### Task item
Output all of the data below without changing a word, and exclude the pictures.

### Data items
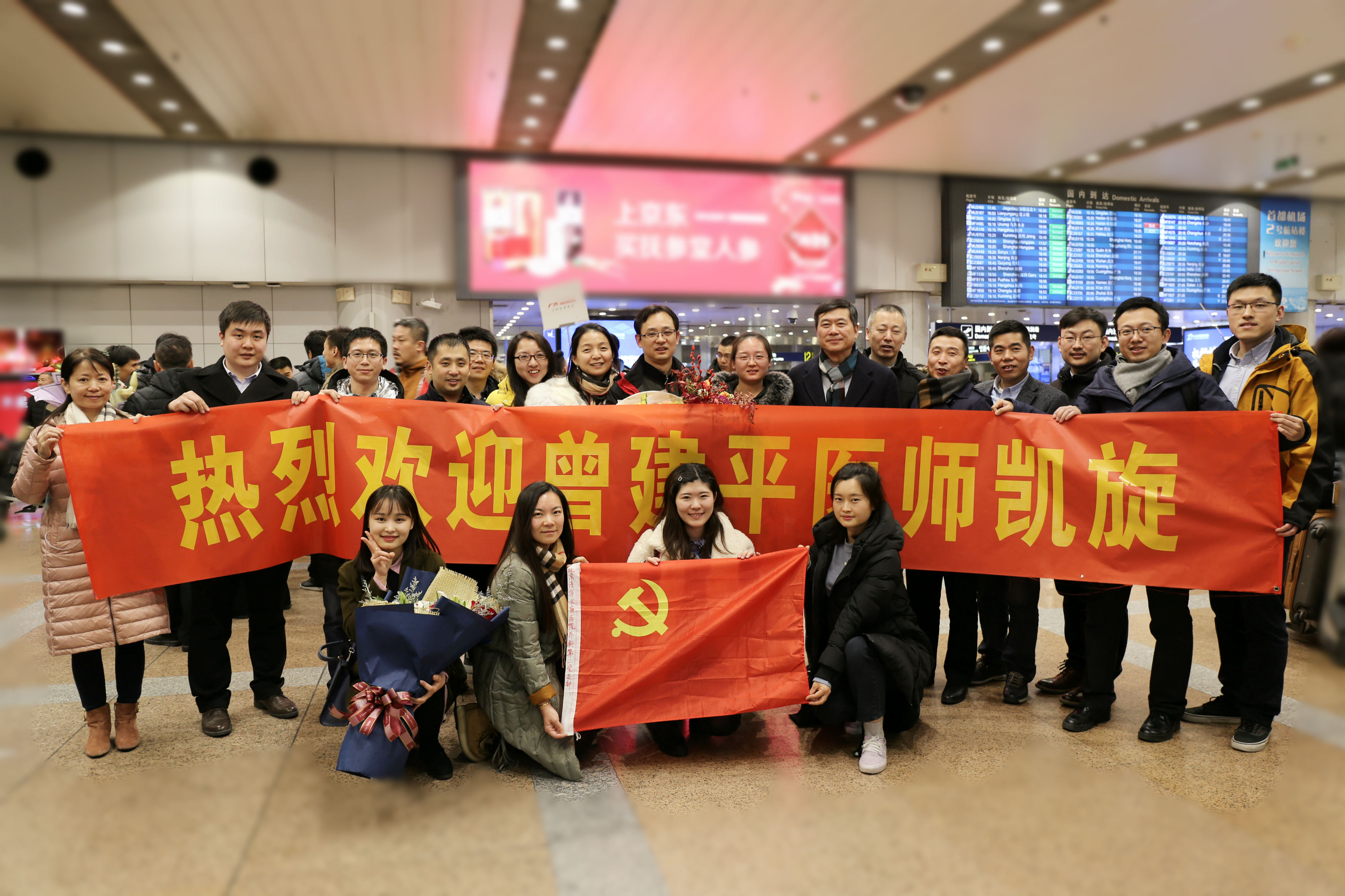 北京清华长庚医院1月15日电(通讯员 王思扬)1月14日晚,清华大学附属北京清华长庚医院肝胆胰中心曾建平医师圆满完成援疆任务返回北京,医院执行院长董家鸿、肝胆胰内科主任黄缘、肝胆胰外科执行主任卢倩、党办副主任高茹以及肝胆胰中心的同仁在机场迎接。
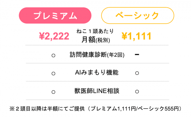 2頭目以降は月額料金が半額。サブスクリプションサービスには、年2回の訪問健康診断がない月額1111円のベーシックプランもある。なお、今回のサービス開始に伴い、これまで無料で提供していた獣医師への相談サービスは終了となるが、有料プラン申し込みへの相談などについて無料カウンセリングが受けられる。具体的には、高齢や既往歴のある猫でも必要な検査が受けられるかなどを、当院獣医師に相談できる。
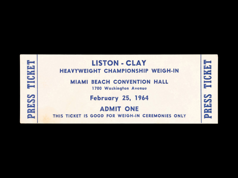 reads PRESS TICKET LISTON-CLAY, HEAVYWEIGHT CHAMPIONSHIP WEIGH-IN, MIAMI BEACH CONVENTION HALL, 1700 Washington Avenue, February 25, 1964 ADMIT ONE, THIS TICKET IS GOOD FOR WEIGH IN CEREMONIES ONLY.
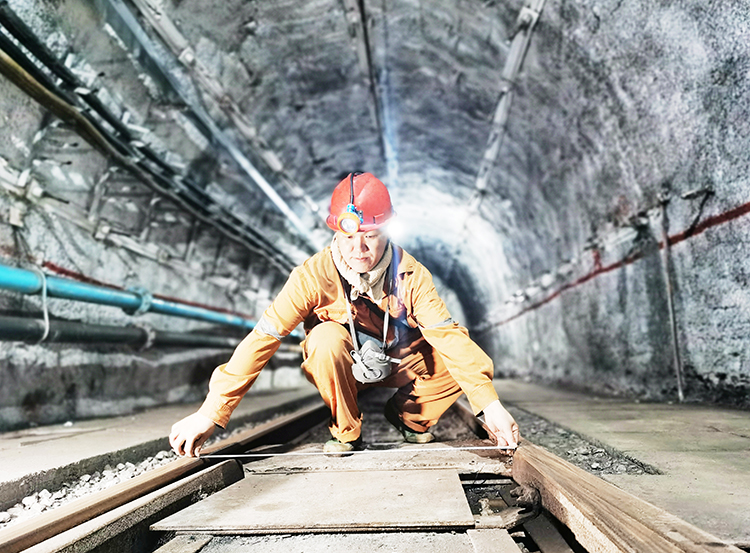 图为该矿安全监察科职工正在测量井下运输大巷轨道间距。(陈恩文 摄)
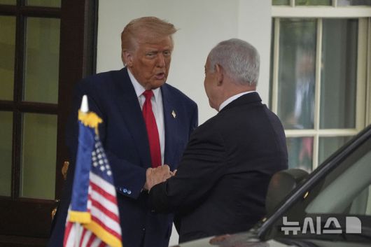 [워싱턴=AP/뉴시스]도널드 트럼프 미국 대통령이 지난달 7일(현지 시간) 백악관을 찾은 베냐민 네타냐후 이스라엘 총리와 인사하고 있다. 2025.05.23. |
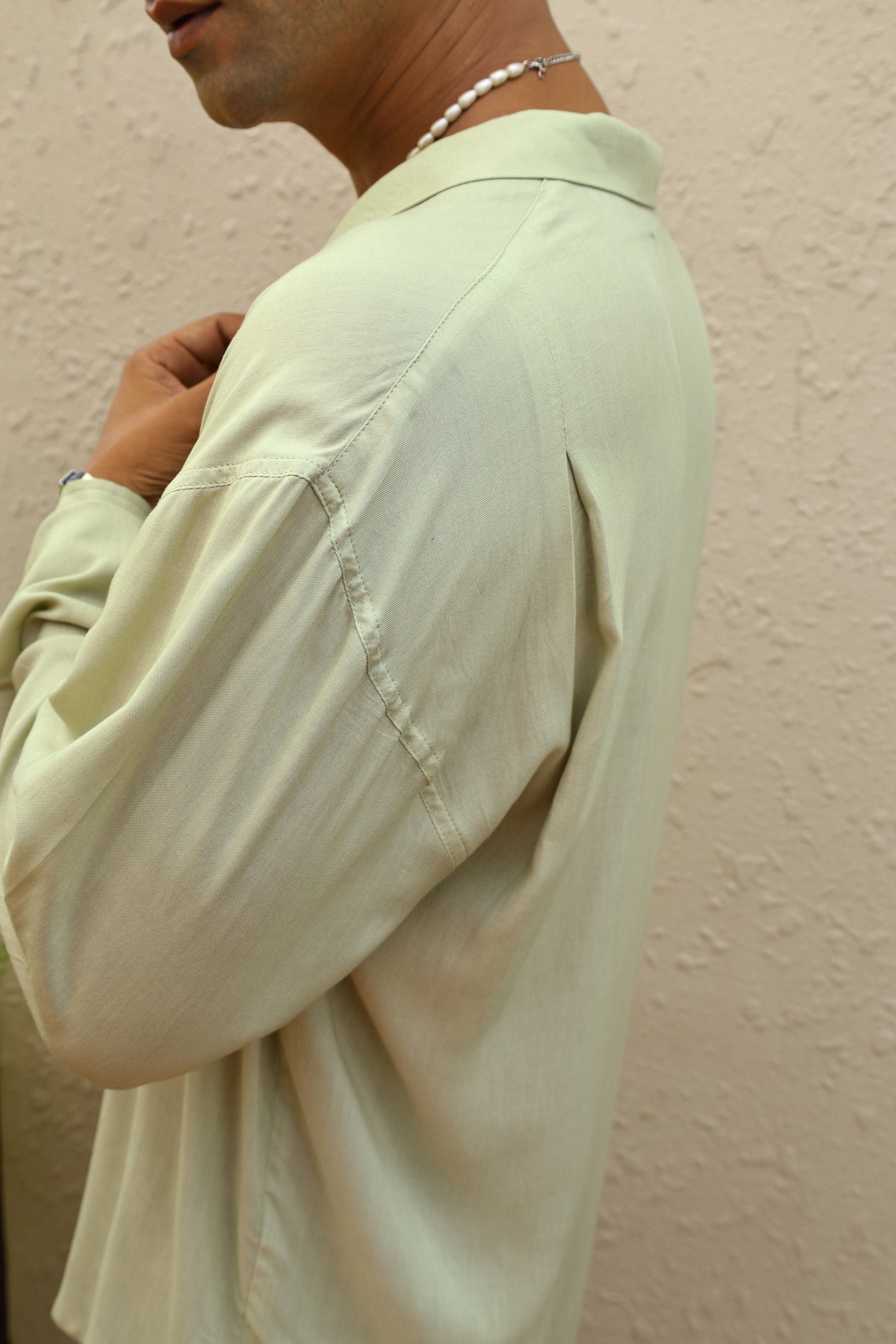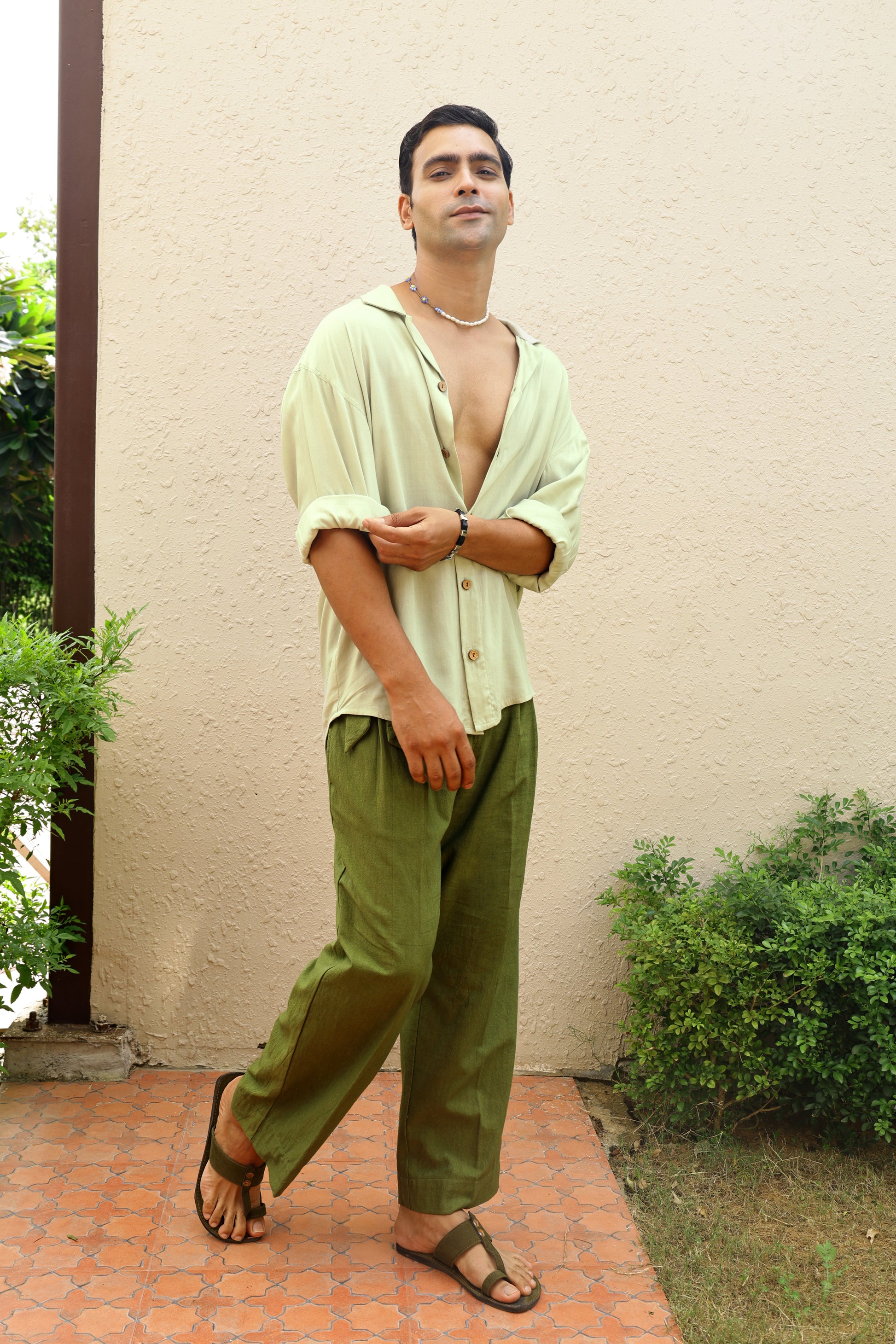 Discover The Lagoon Co-Ords — a fine blend of comfort and style. The mint green shirt paired with the olive green trousers sets the tone for a perfect contrast palette play. With the oversized silhouette of the shirt, complemented by comfort of the double pleat loose trousers, this set is ideal for those leisurely strolls while exploring a new destination.

### Exercise response
 北京清华长庚医院1月15日电(通讯员 王思扬)1月14日晚,清华大学附属北京清华长庚医院肝胆胰中心曾建平医师圆满完成援疆任务返回北京,医院执行院长董家鸿、肝胆胰内科主任黄缘、肝胆胰外科执行主任卢倩、党办副主任高茹以及肝胆胰中心的同仁在机场迎接。
 2頭目以降は月額料金が半額。サブスクリプションサービスには、年2回の訪問健康診断がない月額1111円のベーシックプランもある。なお、今回のサービス開始に伴い、これまで無料で提供していた獣医師への相談サービスは終了となるが、有料プラン申し込みへの相談などについて無料カウンセリングが受けられる。具体的には、高齢や既往歴のある猫でも必要な検査が受けられるかなどを、当院獣医師に相談できる。
 reads PRESS TICKET LISTON-CLAY, HEAVYWEIGHT CHAMPIONSHIP WEIGH-IN, MIAMI BEACH CONVENTION HALL, 1700 Washington Avenue, February 25, 1964 ADMIT ONE, THIS TICKET IS GOOD FOR WEIGH IN CEREMONIES ONLY.
 图为该矿安全监察科职工正在测量井下运输大巷轨道间距。(陈恩文 摄)
 [워싱턴=AP/뉴시스]도널드 트럼프 미국 대통령이 지난달 7일(현지 시간) 백악관을 찾은 베냐민 네타냐후 이스라엘 총리와 인사하고 있다. 2025.05.23. |
 Discover The Lagoon Co-Ords — a fine blend of comfort and style. The mint green shirt paired with the olive green trousers sets the tone for a perfect contrast palette play. With the oversized silhouette of the shirt, complemented by comfort of the double pleat loose trousers, this set is ideal for those leisurely strolls while exploring a new destination.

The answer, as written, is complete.